A cheap UK share with strong foundations

FTSE 250 constituent and UK housebuilder Bellway (LSE:BWY) reported promising figures in a recent trading report. Bellway saw a record completion of 5,964 homes in the six months before January 31st 2022, while the average selling price rose by 2.8% to £311,800. It would be rational to expect the share price to have reflected this positive outlook over the last few months, but the opposite has occurred, with the share price down 20% in the last six months.

With the stock trading at a price-to-earnings (P/E) ratio of 8.8 and with a low price-to-book (P/B) ratio of 1.1, I judge the market to have undervalued this FTSE 250 stock. Bellway’s solid and rising dividend of 4.2% and a minimal debt-equity ratio of 4% make me feel even better about these shares.

Another cheap FTSE 250 housebuilder

Vistry (LSE:VTY), another cheap UK-based housebuilder, has performed similarly over the last few months and shares similar strong fundamentals to that of Bellway.

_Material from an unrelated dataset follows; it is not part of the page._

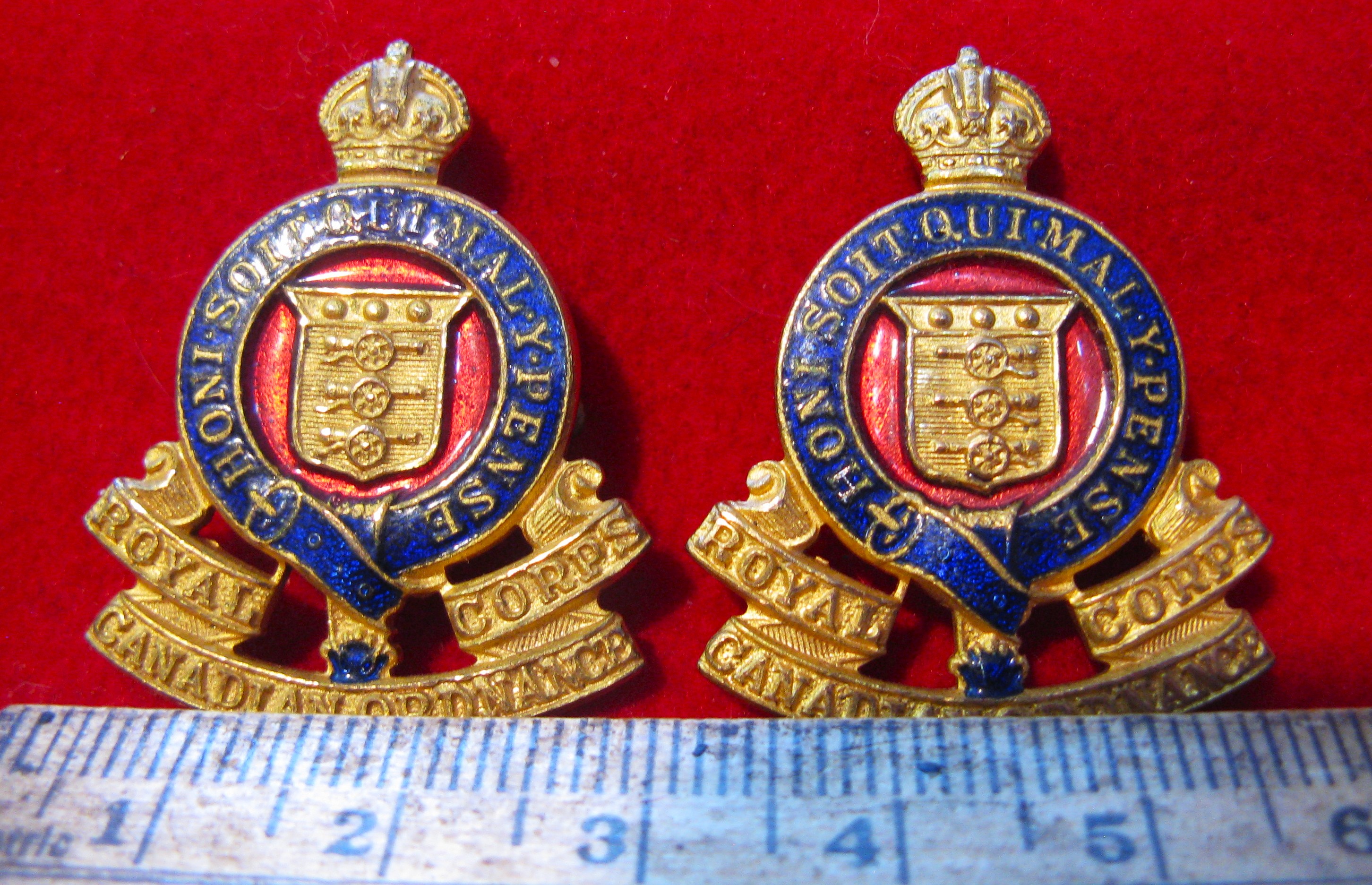 Royal Canadian Ordinance Corps Collar Badge set - Officer KC era

A low P/E ratio of 10.5, a P/B ratio of 1 and a strong 4.1% dividend yield indicate to me that the price has further to rise to meet the share’s true value.

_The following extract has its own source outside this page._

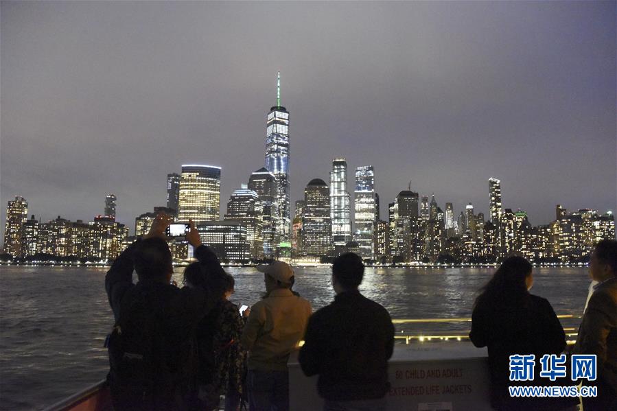 9月23日,在美國紐約,人們?cè)谟未p月活動(dòng)中拍攝曼哈頓美景。 23日晚,紐約華人社團(tuán)聯(lián)合總會(huì)等20多個(gè)僑團(tuán)聯(lián)合主辦哈得孫河游船賞月活動(dòng)。游船從哈得孫河到東河,途經(jīng)炮臺(tái)公園、自由女神像、華爾街金融區(qū)、聯(lián)合國大樓等著名景點(diǎn)。 新華社記者韓芳攝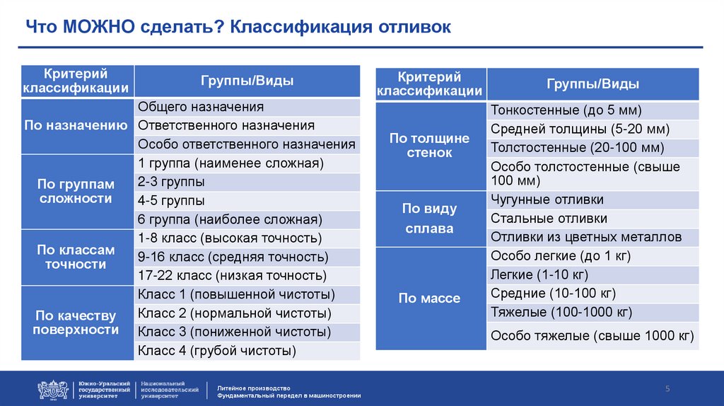 Что МОЖНО сделать? Классификация отливокКритерий

Vistry shares fell earlier in the year on the news that housebuilders were going to have to foot the bill of resolving the flammable cladding crisis in the UK, and the stock has never fully recovered. While this will be a considerable upfront cost for the company, it will not impact future finances and I believe that the company should be unaffected in the long term.

Why UK housebuilders?

I believe investors have overlooked housebuilders in the last few years as they turn to flashy growth stocks that promise more than they can deliver. As a result, these companies with strong fundamentals have been shunned by investors and kept at bargain prices.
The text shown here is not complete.